Short Stories From 10 Years Ago – November 21, 2004
Talking With Eric
Short Stories From 10 Years Ago – November 21, 2004 – Dorothy, my-sister-in-law has flown the coop for two weeks “en vacance” in Paris – lucky lady. In her absence, Eric and I inevitably get together a couple of times for dinner. He always asks – I always accept – he always cooks. He prepares a wonderful meal – I eat in style and come home nourished and sleepy.
I never invite – I never cook – I don’t even order a pizza. In short, I’m a very bad sister. It has been every thus. Eric hates to eat alone and I’m really being quite a supportive, understanding sibling. That being acknowledged I feel a bit better, somewhat less guilty. Perhaps this time I’ll invite him over for a cuppa soup and a cracker. I rather doubt it – but maybe.
We inevitably end up talking about politics, current world events, work, people and our past, present and future. I had recently seen a wonderful quote from Shakespeare – “How sharper than a serpent’s tooth it is to have a thankless child”. I couldn’t remember the exact wording last night, but I mentioned it and we ended up chatting about our parents – Bob (Charlie) and Mary, growing up in a small town and how different our lives would be if we’d never left. Eric mentioned that he wakes up in the morning and is amazed that he lives in downtown Toronto, has a career he thoroughly enjoys (professor of economics), a sailboat, a great home, a good marriage and a wonderful life.

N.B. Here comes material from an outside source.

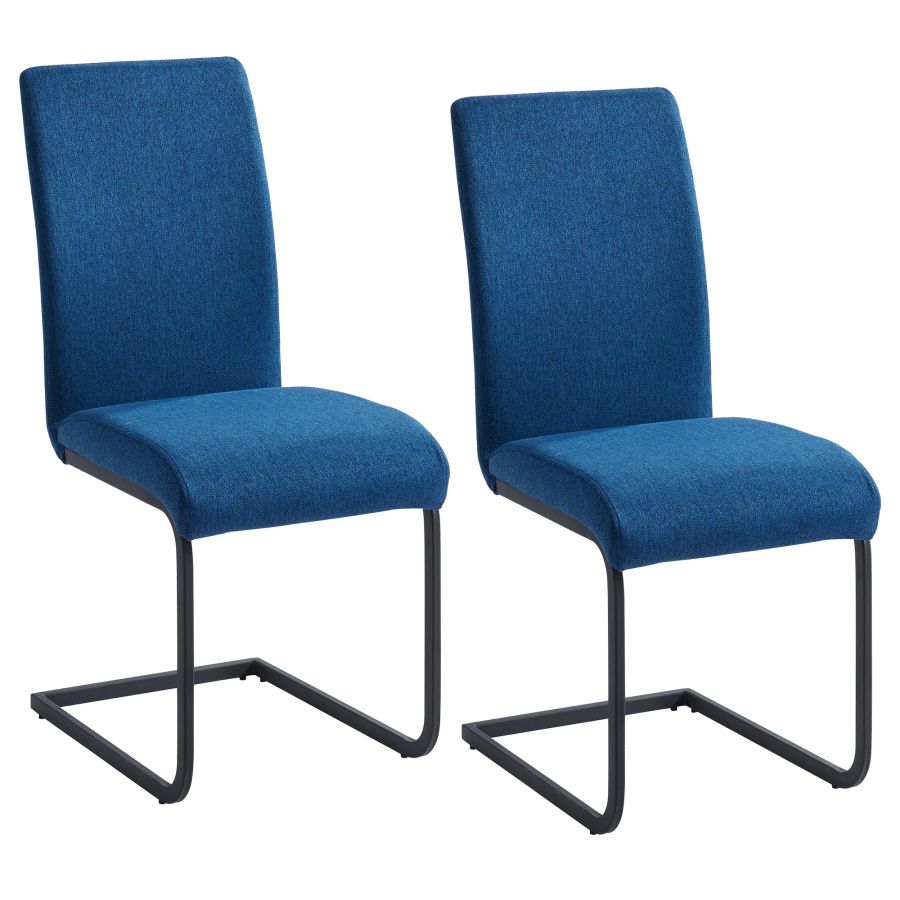 Chaise contemporaine recouverte de tissu avec une structure en métal noir mat. Les courbes subtiles du dossier et de l'assise de la chaise offrent beaucoup de confort. Tandis que la base de style C permet un basculement confortable dans le siège. Mélangez et assortissez avec différents styles et finitions de table pour créer l'espace de salle à manger parfait.
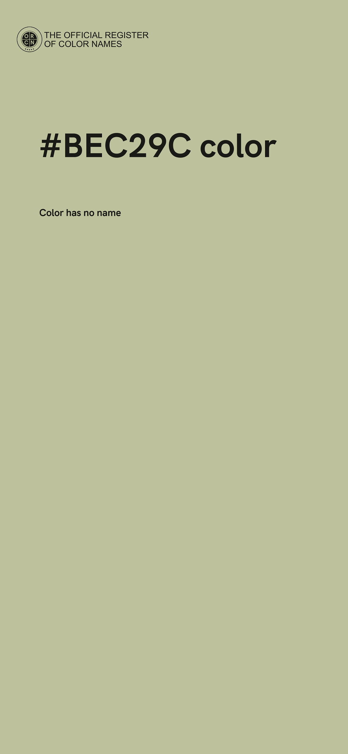 HEX code #BEC29C represent the color in hexadecimal format by combining three values – the amounts of Red, Green and Blue (RGB). Its RGB composition is 190, 194, 156 ( rgb(190, 194, 156) ), which breaks down into 74.5% of Red, 76.1% Green and 61.2% Blue.

I know what he means. I have an exceptional life. For all my whining, moaning, twitching and complaining – I too know that I am truly blessed. We talked about how unlike one another our parents were, but how we each benefited from their combined wisdom. We are where we are in life due to Mary bestowing upon us an understanding of the incredible value of education and learning. Were it not for Mary, Eric might still be working for Bell Canada (probably as a supervisor of some sort) and I would undoubtedly have married someone local and raised a couple of kids.
There is no disgrace in either of these outcomes – but we know we’ve enjoyed a far greater view of the world, and consequently ourselves, because we left small town Ontario and moved to the city. Charlie knew and understood hard work, honesty and decency. Eric and I have turned out well. We’re both feisty and opinionated, but we are decent people. Neither of us is a quitter. We’re both optimistic in our pessimistic fashion, and now that we’ve matured a little, we both truly appreciate our heritage.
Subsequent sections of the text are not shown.